(DATA FOR REVIEW)

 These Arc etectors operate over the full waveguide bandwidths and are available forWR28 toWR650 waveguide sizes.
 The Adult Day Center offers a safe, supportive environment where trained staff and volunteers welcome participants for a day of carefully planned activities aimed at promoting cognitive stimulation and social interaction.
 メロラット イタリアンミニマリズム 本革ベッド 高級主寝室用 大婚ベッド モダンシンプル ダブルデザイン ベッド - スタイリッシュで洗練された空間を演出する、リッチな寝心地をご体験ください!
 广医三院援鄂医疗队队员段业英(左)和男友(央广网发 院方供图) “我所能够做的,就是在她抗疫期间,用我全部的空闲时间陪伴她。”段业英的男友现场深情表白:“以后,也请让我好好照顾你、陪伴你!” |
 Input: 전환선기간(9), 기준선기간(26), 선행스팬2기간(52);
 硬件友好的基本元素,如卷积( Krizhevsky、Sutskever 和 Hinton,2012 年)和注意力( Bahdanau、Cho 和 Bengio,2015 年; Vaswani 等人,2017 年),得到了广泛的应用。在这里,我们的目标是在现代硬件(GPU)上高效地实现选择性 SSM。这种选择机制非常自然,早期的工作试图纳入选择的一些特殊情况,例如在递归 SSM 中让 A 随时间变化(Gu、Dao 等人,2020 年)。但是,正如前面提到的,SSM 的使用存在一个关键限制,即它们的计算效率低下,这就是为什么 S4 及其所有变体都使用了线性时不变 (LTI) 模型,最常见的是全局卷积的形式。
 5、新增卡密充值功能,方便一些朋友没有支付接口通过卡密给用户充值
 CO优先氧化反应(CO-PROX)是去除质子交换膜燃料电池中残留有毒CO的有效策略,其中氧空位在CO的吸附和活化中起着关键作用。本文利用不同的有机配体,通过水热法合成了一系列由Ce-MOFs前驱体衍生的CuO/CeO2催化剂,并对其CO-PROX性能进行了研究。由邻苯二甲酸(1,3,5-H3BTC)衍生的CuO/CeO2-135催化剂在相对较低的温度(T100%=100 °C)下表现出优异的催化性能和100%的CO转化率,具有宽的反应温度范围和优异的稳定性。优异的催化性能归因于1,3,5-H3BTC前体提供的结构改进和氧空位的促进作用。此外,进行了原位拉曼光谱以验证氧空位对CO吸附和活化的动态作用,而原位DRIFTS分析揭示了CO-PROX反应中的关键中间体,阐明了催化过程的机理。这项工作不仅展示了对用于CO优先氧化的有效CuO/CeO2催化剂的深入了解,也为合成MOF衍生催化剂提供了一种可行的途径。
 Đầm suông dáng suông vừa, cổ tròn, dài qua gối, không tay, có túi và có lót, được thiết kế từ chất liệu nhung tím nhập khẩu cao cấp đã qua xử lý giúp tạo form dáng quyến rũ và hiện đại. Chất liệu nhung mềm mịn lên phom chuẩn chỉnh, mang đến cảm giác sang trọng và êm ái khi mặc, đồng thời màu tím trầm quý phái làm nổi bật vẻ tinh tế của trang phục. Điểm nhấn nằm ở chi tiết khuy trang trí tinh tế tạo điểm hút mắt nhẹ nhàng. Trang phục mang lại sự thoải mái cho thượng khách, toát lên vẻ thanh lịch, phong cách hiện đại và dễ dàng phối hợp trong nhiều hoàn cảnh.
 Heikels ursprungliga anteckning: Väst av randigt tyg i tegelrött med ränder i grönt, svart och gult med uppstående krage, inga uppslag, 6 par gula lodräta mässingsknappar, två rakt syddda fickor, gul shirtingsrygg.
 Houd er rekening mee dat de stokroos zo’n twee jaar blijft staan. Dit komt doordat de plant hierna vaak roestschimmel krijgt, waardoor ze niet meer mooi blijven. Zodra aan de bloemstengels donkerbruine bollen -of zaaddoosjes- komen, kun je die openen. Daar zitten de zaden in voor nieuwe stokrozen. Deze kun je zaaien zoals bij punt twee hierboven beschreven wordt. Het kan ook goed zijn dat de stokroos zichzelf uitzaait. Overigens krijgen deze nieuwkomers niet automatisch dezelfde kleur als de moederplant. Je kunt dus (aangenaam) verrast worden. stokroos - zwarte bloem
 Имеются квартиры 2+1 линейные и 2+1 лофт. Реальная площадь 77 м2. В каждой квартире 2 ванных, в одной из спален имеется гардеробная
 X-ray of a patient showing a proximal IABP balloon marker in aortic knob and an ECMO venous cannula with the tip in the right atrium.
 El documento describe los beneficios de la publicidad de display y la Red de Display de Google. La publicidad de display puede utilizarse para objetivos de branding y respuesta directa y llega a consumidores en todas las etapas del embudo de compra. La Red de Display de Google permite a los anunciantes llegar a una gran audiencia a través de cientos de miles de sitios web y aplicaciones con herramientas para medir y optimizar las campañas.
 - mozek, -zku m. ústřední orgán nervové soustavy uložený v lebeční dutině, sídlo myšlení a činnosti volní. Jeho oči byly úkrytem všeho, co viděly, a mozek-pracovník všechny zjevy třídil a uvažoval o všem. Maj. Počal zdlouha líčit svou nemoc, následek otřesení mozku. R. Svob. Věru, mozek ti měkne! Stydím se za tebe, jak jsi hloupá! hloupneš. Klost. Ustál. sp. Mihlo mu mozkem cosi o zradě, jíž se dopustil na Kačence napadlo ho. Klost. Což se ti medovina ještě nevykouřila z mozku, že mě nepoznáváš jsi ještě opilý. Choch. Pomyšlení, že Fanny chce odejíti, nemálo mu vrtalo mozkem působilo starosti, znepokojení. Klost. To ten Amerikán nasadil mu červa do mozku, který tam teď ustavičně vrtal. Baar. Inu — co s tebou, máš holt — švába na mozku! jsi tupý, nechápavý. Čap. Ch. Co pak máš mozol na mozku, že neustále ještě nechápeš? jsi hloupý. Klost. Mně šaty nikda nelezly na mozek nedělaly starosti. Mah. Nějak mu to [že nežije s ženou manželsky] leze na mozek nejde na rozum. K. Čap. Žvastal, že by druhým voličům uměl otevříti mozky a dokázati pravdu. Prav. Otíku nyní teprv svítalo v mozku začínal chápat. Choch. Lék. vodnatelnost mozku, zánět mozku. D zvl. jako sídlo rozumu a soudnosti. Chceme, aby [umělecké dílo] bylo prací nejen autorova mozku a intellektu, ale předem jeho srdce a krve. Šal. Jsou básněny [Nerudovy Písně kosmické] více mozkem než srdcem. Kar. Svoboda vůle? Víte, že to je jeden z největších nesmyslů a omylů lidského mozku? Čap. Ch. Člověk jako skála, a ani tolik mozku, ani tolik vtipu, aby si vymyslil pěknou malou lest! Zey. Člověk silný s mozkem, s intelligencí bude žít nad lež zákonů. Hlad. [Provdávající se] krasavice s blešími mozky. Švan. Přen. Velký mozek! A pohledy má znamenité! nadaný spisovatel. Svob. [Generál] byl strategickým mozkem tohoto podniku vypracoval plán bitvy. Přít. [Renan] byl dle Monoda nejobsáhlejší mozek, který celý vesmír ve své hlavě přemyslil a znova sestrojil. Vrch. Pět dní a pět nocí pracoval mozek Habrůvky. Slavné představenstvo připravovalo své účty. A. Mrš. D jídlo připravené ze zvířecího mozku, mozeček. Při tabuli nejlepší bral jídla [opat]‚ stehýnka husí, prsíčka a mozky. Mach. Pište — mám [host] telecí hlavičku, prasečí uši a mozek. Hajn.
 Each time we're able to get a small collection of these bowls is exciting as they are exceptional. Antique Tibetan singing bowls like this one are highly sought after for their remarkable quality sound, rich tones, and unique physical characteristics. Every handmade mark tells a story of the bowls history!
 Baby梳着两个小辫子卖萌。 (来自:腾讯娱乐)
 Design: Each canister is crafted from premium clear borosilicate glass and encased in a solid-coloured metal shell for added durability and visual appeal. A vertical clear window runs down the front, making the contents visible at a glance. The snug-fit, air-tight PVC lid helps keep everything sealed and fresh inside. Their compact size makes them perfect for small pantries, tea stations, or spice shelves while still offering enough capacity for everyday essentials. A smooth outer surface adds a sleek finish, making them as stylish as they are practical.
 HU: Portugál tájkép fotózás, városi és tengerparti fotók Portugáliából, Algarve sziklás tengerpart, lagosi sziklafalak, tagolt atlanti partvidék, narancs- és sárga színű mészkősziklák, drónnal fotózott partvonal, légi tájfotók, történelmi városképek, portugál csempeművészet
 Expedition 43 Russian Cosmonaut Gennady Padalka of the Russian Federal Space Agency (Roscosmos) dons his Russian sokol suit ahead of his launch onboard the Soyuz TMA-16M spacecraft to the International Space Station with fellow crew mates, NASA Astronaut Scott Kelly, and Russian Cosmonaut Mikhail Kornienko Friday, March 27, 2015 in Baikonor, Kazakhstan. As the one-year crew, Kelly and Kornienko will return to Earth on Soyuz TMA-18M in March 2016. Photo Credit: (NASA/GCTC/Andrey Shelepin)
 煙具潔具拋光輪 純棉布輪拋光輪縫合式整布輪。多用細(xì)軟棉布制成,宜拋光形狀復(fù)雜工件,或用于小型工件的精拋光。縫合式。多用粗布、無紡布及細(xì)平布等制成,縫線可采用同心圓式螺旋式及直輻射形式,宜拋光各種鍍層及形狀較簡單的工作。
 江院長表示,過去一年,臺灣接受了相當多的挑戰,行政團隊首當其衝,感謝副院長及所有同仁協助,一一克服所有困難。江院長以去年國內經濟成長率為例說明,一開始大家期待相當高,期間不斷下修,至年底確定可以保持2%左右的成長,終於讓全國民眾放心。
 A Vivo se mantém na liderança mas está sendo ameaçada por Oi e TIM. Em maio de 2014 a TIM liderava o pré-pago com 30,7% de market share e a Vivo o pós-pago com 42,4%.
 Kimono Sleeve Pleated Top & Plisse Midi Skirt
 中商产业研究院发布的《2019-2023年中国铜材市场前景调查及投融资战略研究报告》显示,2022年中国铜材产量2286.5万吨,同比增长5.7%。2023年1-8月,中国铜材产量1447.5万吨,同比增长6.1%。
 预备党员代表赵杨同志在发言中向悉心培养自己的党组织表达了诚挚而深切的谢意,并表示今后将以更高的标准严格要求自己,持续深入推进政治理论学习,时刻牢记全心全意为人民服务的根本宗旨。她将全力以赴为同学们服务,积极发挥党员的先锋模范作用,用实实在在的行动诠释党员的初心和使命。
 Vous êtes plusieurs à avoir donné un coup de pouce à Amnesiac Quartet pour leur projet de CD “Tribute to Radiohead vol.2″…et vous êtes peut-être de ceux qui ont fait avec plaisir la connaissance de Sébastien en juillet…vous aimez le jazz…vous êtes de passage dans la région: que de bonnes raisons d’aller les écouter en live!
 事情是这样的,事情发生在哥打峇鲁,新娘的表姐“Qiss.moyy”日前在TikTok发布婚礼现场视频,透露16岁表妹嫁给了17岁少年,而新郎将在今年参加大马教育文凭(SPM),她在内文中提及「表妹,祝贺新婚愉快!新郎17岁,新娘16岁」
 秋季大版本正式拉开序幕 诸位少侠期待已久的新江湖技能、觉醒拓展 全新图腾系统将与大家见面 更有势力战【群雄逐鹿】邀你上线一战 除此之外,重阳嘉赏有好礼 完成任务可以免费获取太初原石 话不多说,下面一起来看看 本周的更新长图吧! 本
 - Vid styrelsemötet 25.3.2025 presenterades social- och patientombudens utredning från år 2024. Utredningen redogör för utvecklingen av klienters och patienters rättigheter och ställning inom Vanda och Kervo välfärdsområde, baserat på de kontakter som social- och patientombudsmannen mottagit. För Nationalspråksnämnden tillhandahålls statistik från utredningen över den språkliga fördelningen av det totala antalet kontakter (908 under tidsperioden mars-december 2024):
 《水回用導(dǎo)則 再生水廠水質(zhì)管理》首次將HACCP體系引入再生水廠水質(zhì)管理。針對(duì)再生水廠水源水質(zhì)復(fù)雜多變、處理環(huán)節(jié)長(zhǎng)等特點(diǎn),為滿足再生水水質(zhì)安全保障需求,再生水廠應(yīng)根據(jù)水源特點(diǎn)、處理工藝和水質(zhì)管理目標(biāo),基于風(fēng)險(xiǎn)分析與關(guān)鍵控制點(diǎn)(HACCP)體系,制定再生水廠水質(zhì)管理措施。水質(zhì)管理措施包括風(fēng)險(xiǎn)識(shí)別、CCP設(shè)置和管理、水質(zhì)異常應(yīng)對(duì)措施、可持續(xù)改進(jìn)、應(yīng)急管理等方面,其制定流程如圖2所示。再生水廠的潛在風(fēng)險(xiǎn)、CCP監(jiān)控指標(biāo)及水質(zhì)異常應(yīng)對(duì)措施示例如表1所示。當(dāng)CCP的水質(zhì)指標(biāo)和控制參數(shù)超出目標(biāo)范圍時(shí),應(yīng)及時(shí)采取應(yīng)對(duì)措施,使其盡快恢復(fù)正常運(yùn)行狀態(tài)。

(TASK GOAL) Determine how many lines in the listing above hold "social". Give the number without any other words.

(COMPLETED EXERCISE) 2